Dispatcher is the core component of the framework. Subclassing this enables all of the event functionality.

Usage

from pydispatch import Dispatcher

class MyEmitter(Dispatcher):
    _events_ = ['on_state', 'new_data']
    def do_some_stuff(self):
        # do stuff that makes new data
        data = self.get_some_data()
        self.emit('new_data', data=data)

# An observer - could inherit from Dispatcher or any other class
class MyListener(object):
    def on_new_data(self, *args, **kwargs):
        data = kwargs.get('data')
        print('I got data: {}'.format(data))
    def on_emitter_state(self, *args, **kwargs):
        print('emitter state changed')

emitter = MyEmitter()
listener = MyListener()

emitter.bind(on_state=listener.on_emitter_state)
emitter.bind(new_data=listener.on_new_data)

emitter.do_some_stuff()
# >>> I got data: ...

emitter.emit('on_state')
# >>> emitter state changed

The bind method above could also be combined:

emitter.bind(on_state=listener.on_emitter_state,
             new_data=listener.on_new_data)
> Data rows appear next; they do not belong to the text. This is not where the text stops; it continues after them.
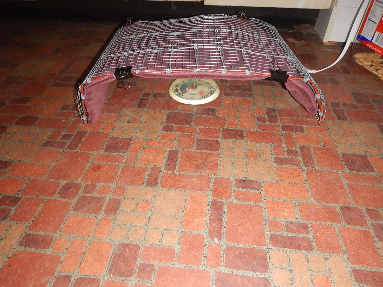 Woods, if you wish to test heat that pad, I'd place that thermometer right up against the heating pad, for that's where the heat is truly measured and where your chicks will be feeling the heat. They won't get much radiant heat from where your thermometer is located in these pics.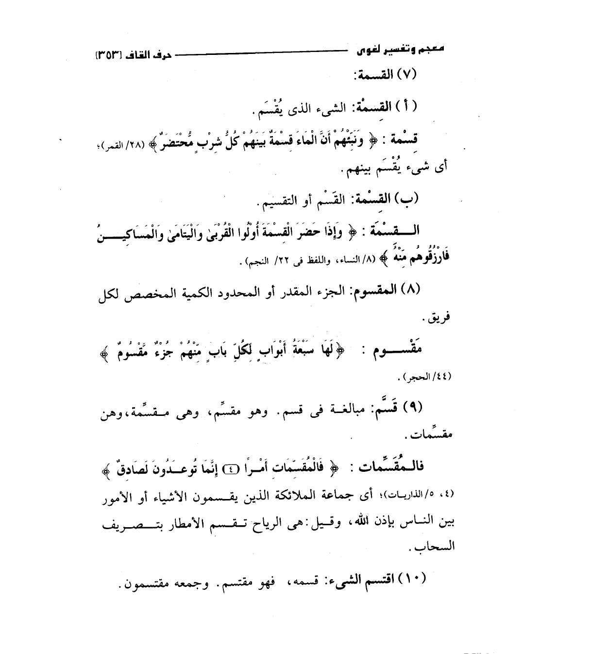 القسمة: (وَإِذَا حَضَرَ الْقِسْمَةَ أُوْلُوا الْقُرْبَى وَالْيَتَامَى وَالْمَسَاكِينُ فَارْزُقُوهُمْ مِنْهُ) " 8/النساء، واللفظ في 22/النجم ".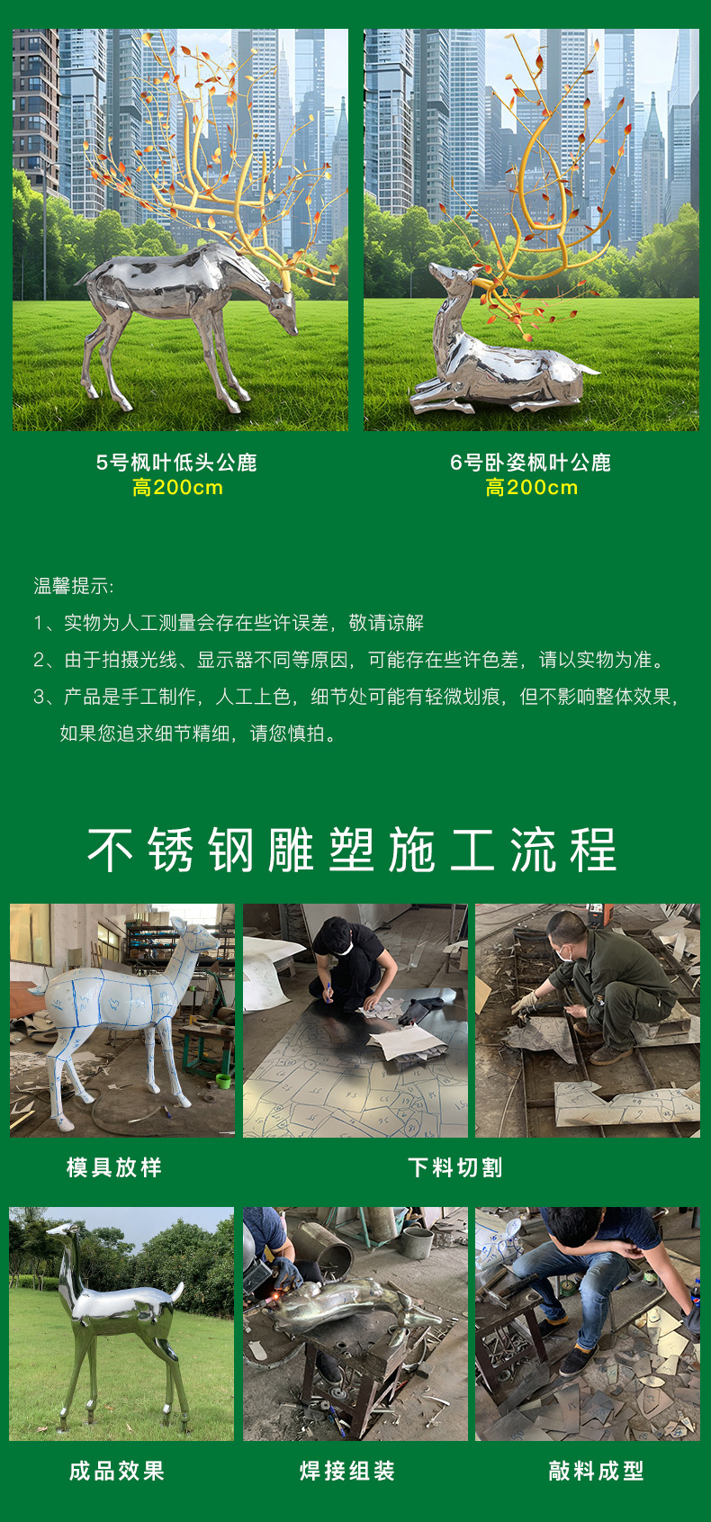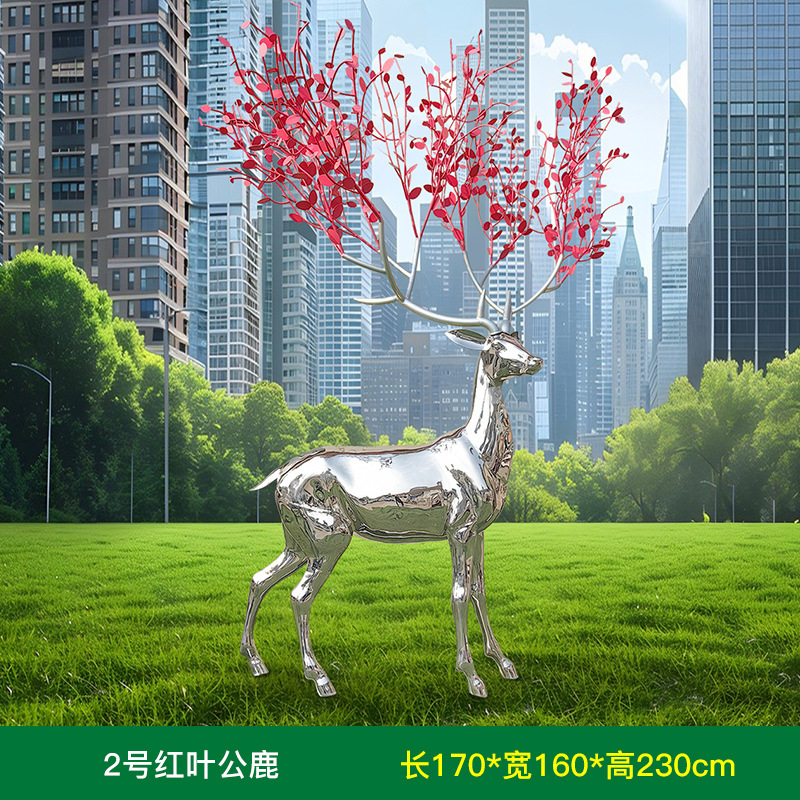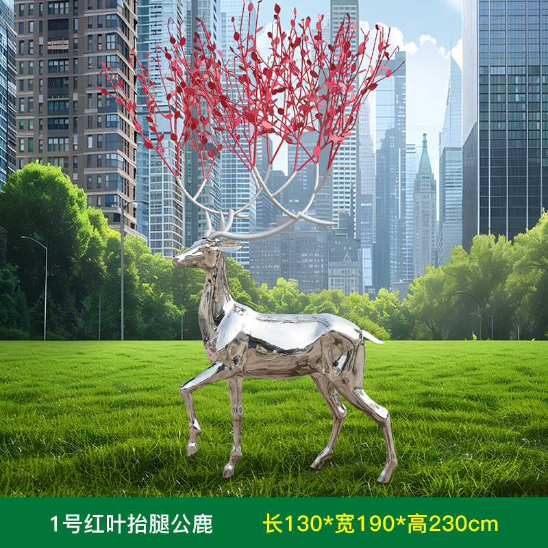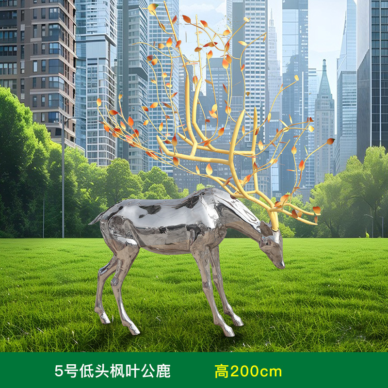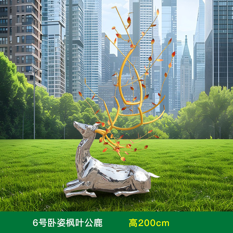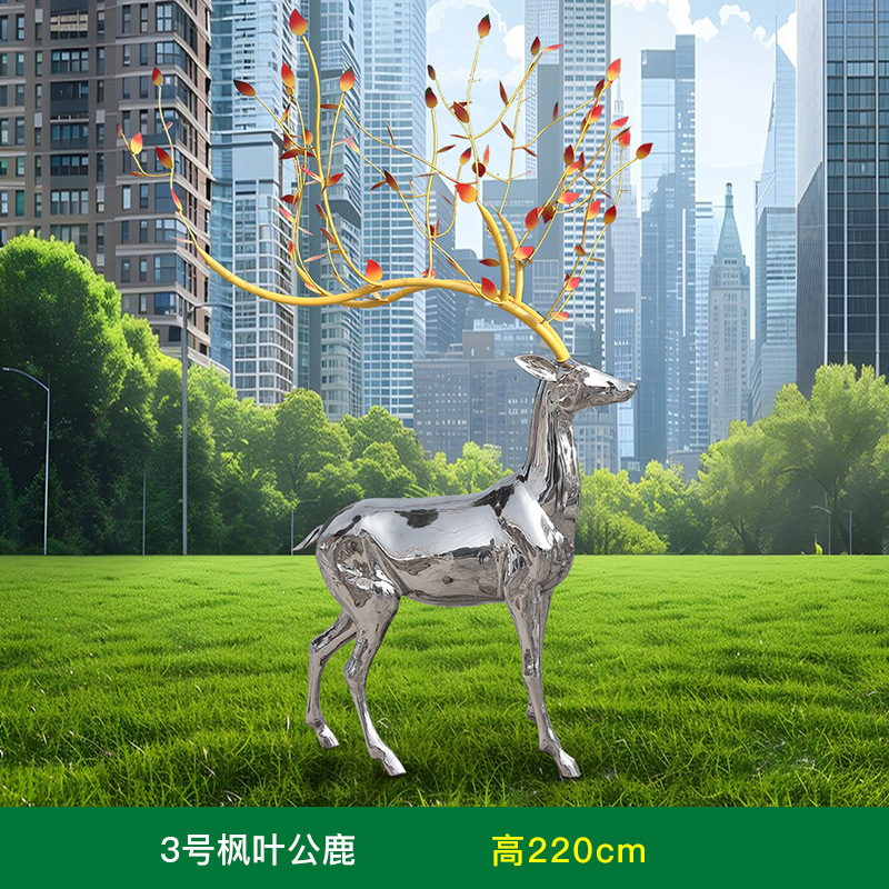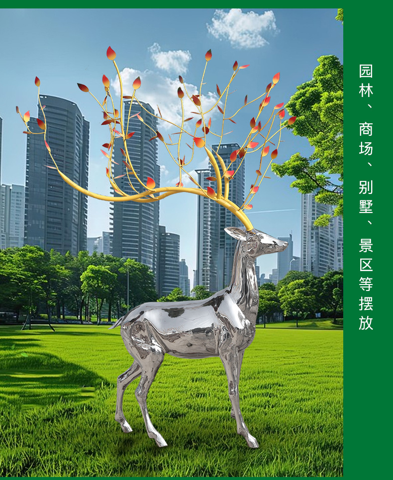 스테인레스 스틸 거울 사슴 조각 야외 공원 풍경 부동산 동물 매화 엘크 창조적 인 바닥 장식품스토어 가기

Events can also be created after object creation:

emitter.register_event('need_data')

# Multiple events can also be created:
emitter.register_event('value_changed', 'something_happened')

Stop listening by calling unbind:

emitter.unbind(listener.on_emitter_state)

# Or to unbind all events, just supply the instance object:
emitter.unbind(listener)

Callback Return Values

Event propagation will stop if any callback returns False. Any other return value is ignored.

Event Names

There are no restrictions on event names. The idea is to keep things as simple and non-restrictive as possible. When calling emit, and positional or keyword arguments supplied will be passed along to listeners.

Subclasses and __init__

The Dispatcher class does not use __init__ for any of its functionality. This is again to keep things simple and get the framework out of your way. It uses __new__ to handle instance creation. If your subclasses use __new__ for something, the call to super() is required, but you should probably check the code to determine how it fits with your own.